Copy the records below exactly, starting at the line that contains "FUENTES CONSULTADAS: Libros" and ending at the line that contains "這是廣州廣汽埃安展出的純電平"; leave out any pictures.

*Record set*:
══════════════════════════════

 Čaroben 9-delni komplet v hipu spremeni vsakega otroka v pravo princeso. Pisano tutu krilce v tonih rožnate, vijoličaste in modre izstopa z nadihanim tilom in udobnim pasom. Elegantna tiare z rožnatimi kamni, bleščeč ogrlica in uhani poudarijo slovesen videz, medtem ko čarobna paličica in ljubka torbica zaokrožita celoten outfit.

══════════════════════════════

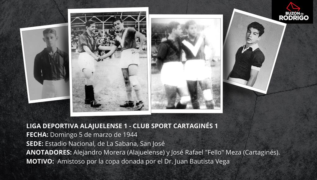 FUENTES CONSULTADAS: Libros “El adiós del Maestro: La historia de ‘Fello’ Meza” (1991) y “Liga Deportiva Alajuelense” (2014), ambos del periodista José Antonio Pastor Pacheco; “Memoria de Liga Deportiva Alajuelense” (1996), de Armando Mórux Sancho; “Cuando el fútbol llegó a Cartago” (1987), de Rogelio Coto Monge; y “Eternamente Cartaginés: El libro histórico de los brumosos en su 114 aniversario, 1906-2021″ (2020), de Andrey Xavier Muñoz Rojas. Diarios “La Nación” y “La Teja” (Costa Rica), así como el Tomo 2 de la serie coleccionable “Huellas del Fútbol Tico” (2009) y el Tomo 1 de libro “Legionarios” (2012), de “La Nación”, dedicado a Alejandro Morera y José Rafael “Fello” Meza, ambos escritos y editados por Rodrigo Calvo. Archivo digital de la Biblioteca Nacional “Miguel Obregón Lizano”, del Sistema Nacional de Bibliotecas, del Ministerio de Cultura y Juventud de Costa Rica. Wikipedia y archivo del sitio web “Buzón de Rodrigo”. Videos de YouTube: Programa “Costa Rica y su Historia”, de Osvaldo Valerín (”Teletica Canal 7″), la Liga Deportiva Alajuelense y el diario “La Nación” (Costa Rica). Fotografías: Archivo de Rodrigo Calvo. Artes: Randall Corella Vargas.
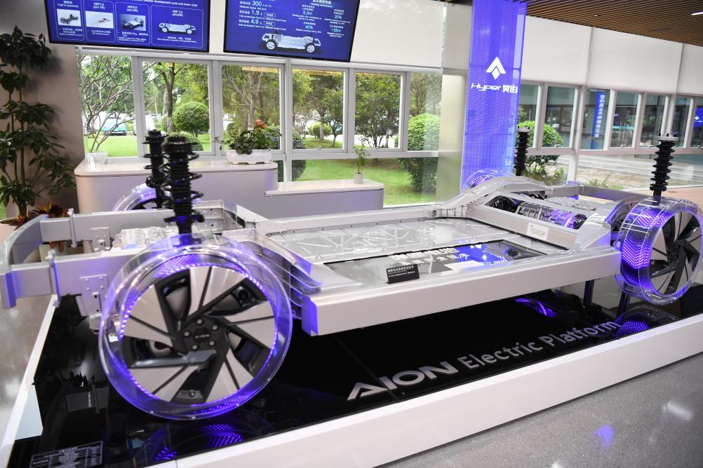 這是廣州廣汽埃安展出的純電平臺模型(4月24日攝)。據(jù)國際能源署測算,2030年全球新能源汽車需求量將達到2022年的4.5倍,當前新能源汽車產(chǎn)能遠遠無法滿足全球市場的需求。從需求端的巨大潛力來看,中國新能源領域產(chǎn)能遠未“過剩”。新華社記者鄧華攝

══════════════════════════════

*Finished exercise*:
 FUENTES CONSULTADAS: Libros “El adiós del Maestro: La historia de ‘Fello’ Meza” (1991) y “Liga Deportiva Alajuelense” (2014), ambos del periodista José Antonio Pastor Pacheco; “Memoria de Liga Deportiva Alajuelense” (1996), de Armando Mórux Sancho; “Cuando el fútbol llegó a Cartago” (1987), de Rogelio Coto Monge; y “Eternamente Cartaginés: El libro histórico de los brumosos en su 114 aniversario, 1906-2021″ (2020), de Andrey Xavier Muñoz Rojas. Diarios “La Nación” y “La Teja” (Costa Rica), así como el Tomo 2 de la serie coleccionable “Huellas del Fútbol Tico” (2009) y el Tomo 1 de libro “Legionarios” (2012), de “La Nación”, dedicado a Alejandro Morera y José Rafael “Fello” Meza, ambos escritos y editados por Rodrigo Calvo. Archivo digital de la Biblioteca Nacional “Miguel Obregón Lizano”, del Sistema Nacional de Bibliotecas, del Ministerio de Cultura y Juventud de Costa Rica. Wikipedia y archivo del sitio web “Buzón de Rodrigo”. Videos de YouTube: Programa “Costa Rica y su Historia”, de Osvaldo Valerín (”Teletica Canal 7″), la Liga Deportiva Alajuelense y el diario “La Nación” (Costa Rica). Fotografías: Archivo de Rodrigo Calvo. Artes: Randall Corella Vargas.
 這是廣州廣汽埃安展出的純電平臺模型(4月24日攝)。據(jù)國際能源署測算,2030年全球新能源汽車需求量將達到2022年的4.5倍,當前新能源汽車產(chǎn)能遠遠無法滿足全球市場的需求。從需求端的巨大潛力來看,中國新能源領域產(chǎn)能遠未“過剩”。新華社記者鄧華攝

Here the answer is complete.